The entry into a third party’s home for an arrest violated Payton and Steagald. The defendant was hiding out and moving around, but the officers had no real evidence that he was staying where he was found. State v. Mansaray, 2010 Ohio 5119, 2010 Ohio App. LEXIS 4307 (8th Dist. October 21, 2010):

[*P18] Thus, pursuant to the above case law, when the police execute an arrest warrant, they can only enter a residence of a third party without a search warrant if they have a reasonable belief that the person named in the warrant lives at the residence and is in fact home. In the instant case, the evidence does not show that the [U.S.] marshals had a reasonable belief that Williams lived with Mansaray. …
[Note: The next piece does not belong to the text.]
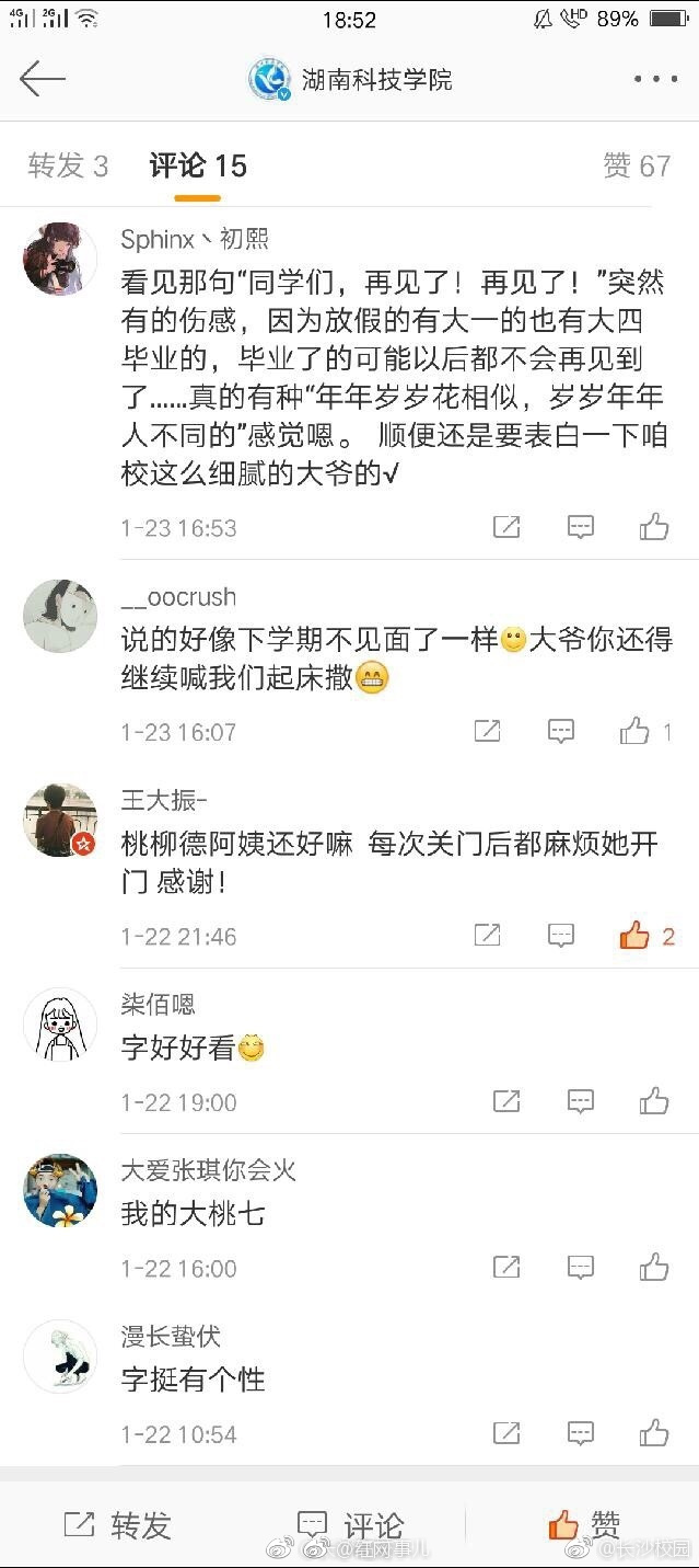 】“常在一起一段情,分别之际心难平。几年情意深似海,恋恋不舍常夜梦”。这首打油诗来自@安博站官网登录入口_安博(中国) 桃七宿舍的吴大爷。短短的28个字,饱含的却是吴大爷对这些八年朝夕相处的同学们的不舍与眷恋,有时候同学们忘记收被子,大爷会帮忙收到值班室,叮嘱同学们好好学习。吴大爷说:“每天看着朝阳般的同学们,觉得自己年轻了许多。如今八年过去了,吴大爷即将退休,听到这个消息后,整栋楼的同学都非常的不舍。(@长沙校园)
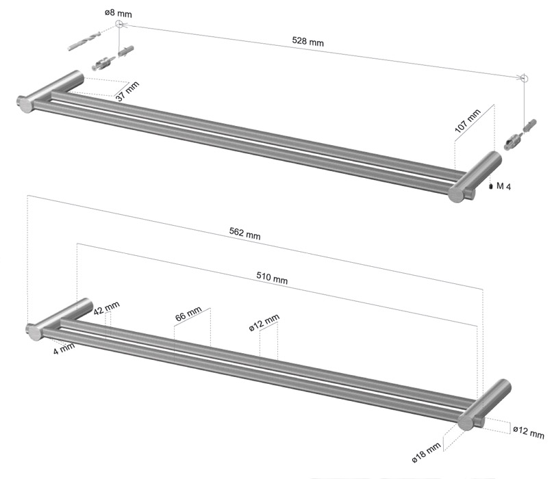Cool Line dobbelt håndklædestang - Matbørstet stål Dobbelt håndklædestang i rustfrit stål fra Cool Line. Monteres med skjulte skruer. Specifikationer:

[*P20] He also stated that: “[W]illiams knew we were looking for him and he was moving every couple of hours ***.” Tr. 159. This information did not provide evidence to support a reasonable belief that Williams lived at Mansaray’s house. The confidential informants did not state that Williams lived with Mansaray, just that he “would be with Mansaray.” While the tracking of Mansaray’s cell phone indicated that it was being used in the vicinity of Mansaray’s home, this would be expected because although Williams was using the phone, it was still Mansaray’s phone. There was no indication that Williams was exclusively using the phone. While the officers may have had a reasonable belief Williams was in the home, the evidence does not establish that they had a reasonable belief that Williams lived at the home. Therefore, to enter Mansaray’s residence, in addition to the arrest warrant, they needed to present a search warrant.